Select Committee on European Union Minutes of Evidence


Examination of Witnesses (Questions 130-139)

Professor Catherine Mitchell, and Mr Phil Baker, University of Exeter; and Professor Goran Strbac, Imperial College, London

21 APRIL 2008

  Q130Chairman: Thank you very much indeed for coming. It might help the Committee if you were briefly to introduce yourselves, particularly your professional and commercial experience and background.

  Professor Mitchell: I am Catherine Mitchell. I work for the University of Exeter. I have recently moved there from the Warwick Business School, where I was for a decade before that. In the past I was on the Energy Advisory Panel for two terms and I was seconded into the Cabinet Office for the Energy Review back in 2001-02 prior to the Energy White Paper of 2003. I have just come back from working for the New Zealand government, which has been undertaking an energy review and I am currently on the Intergovernmental Panel on Climate Change (IPCC) working on a special report on renewable energy which will feed into the next assessment report of the IPCC. Phil Baker is also working at Exeter.

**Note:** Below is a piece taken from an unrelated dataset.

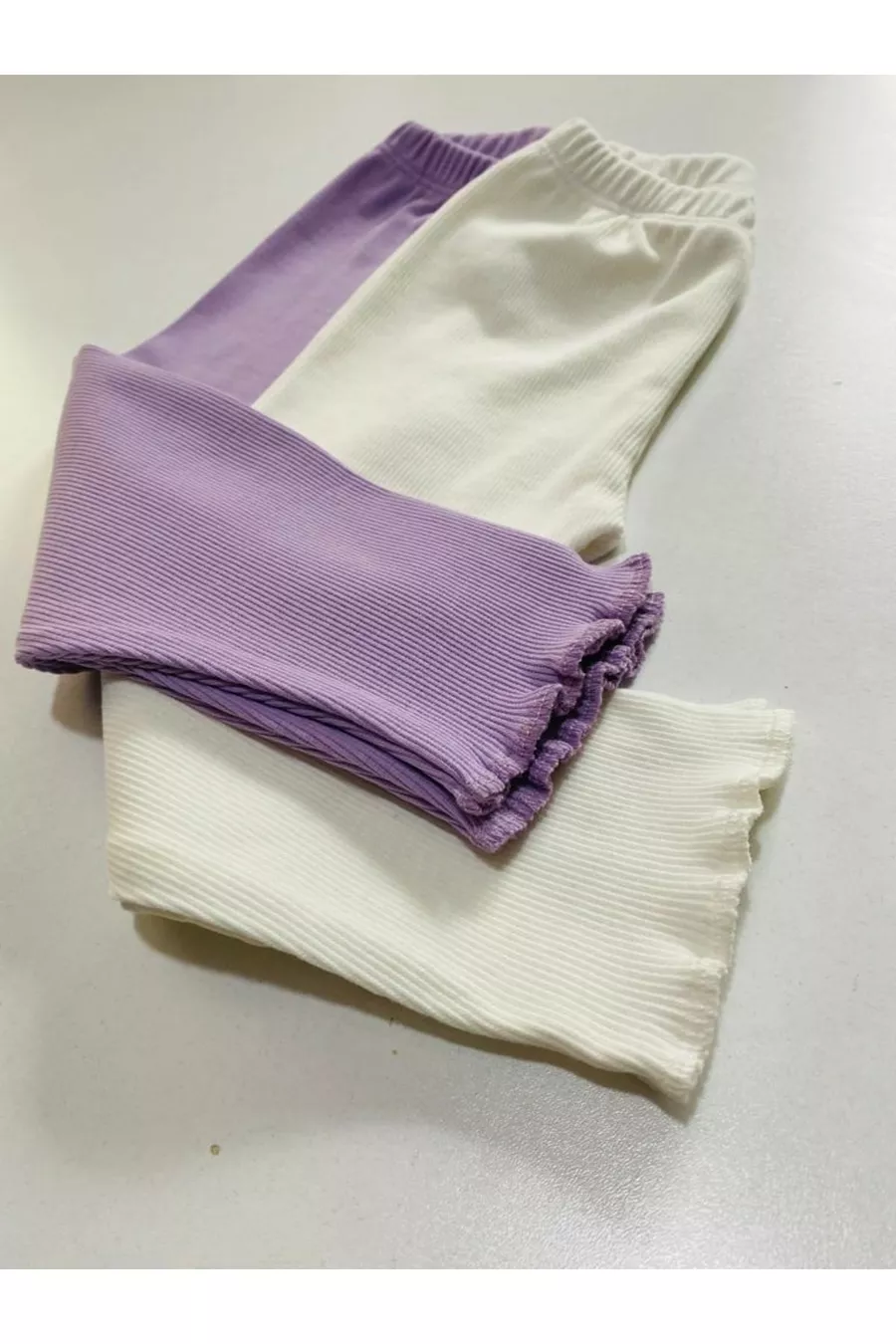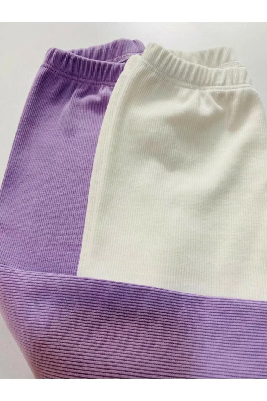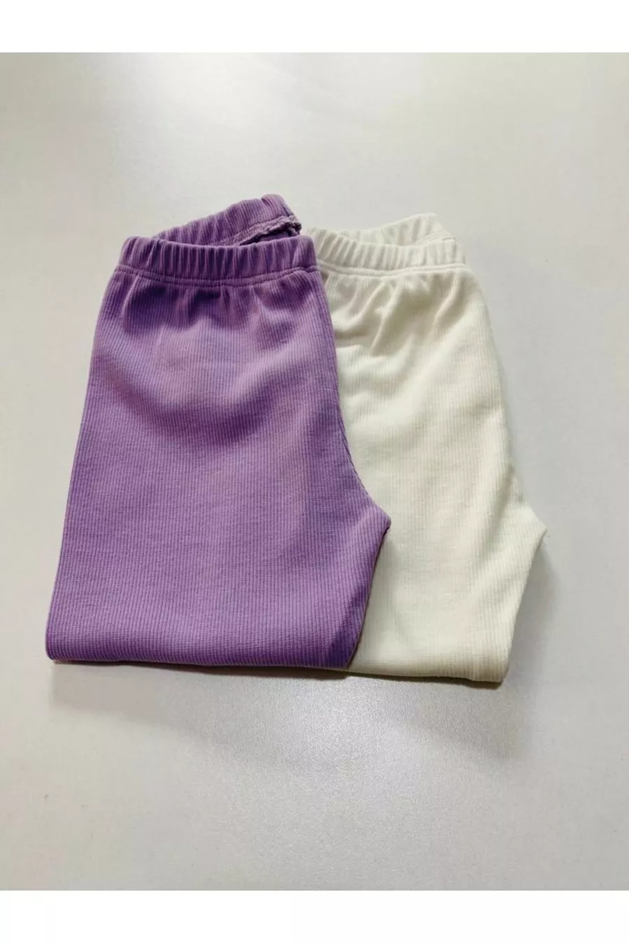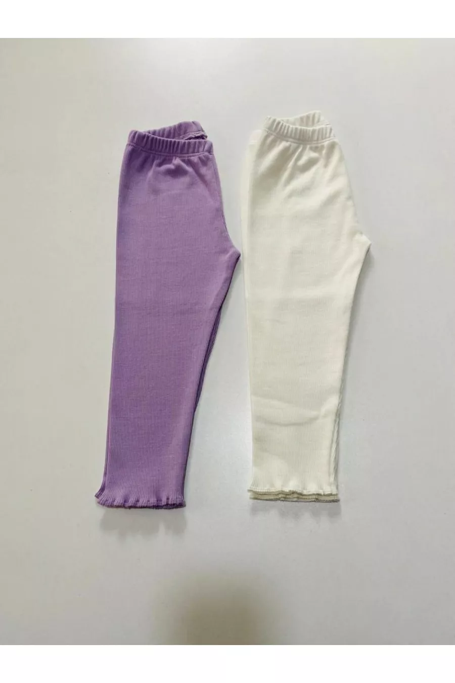 Legging pour enfant fille et garçon Lot de 2 Violet clair - Blanc à taille flexible

  Mr Baker: My background is very much the electricity supply industry. I spent many years working for the Central Electricity Generating Board (CEGB) and more recently National Grid. Eight years ago I retired and worked for DTI as Technical Director, Electrical Technology. I retired from BERR, as it is now, at the end of March and since then I have been working for the University of Exeter.

  Professor Strbac: My name is Goran Strbac and I am a Professor of Electrical Energy Systems at Imperial College. I am also Director of BERR Centre for Sustainable Electricity Generation, which provides fundamental research and support of government targets on renewables. The centre is composed of three universities with expertise in integration, particularly of intermittent and other renewable energy sources, including overall operation and development of the electricity system. Our area of work is really issues associated with the technical and regulatory framework to support integration of renewable generation in the UK electricity system and we are working with a range of companies in developing standards, grid codes, and changes in the regulatory framework to support efficient integration of these sources in the system development.

  Q131  Chairman: Thank you very much. I wonder whether, Professor Mitchell, you would like to start. Three members of this Committee have asked me to ask you through the Chair to give these gifted amateurs sitting on this side of the table a brief introduction to ROCs, to the Renewables Obligation Certificates, and feed-in tariffs. If you could very briefly for the record describe how they work, what is wrong with them—you may have heard evidence given by Lord Oxburgh because you were sitting immediately behind him—but also the applicability of feed-in tariffs. Perhaps you would define those too for the UK's obligations.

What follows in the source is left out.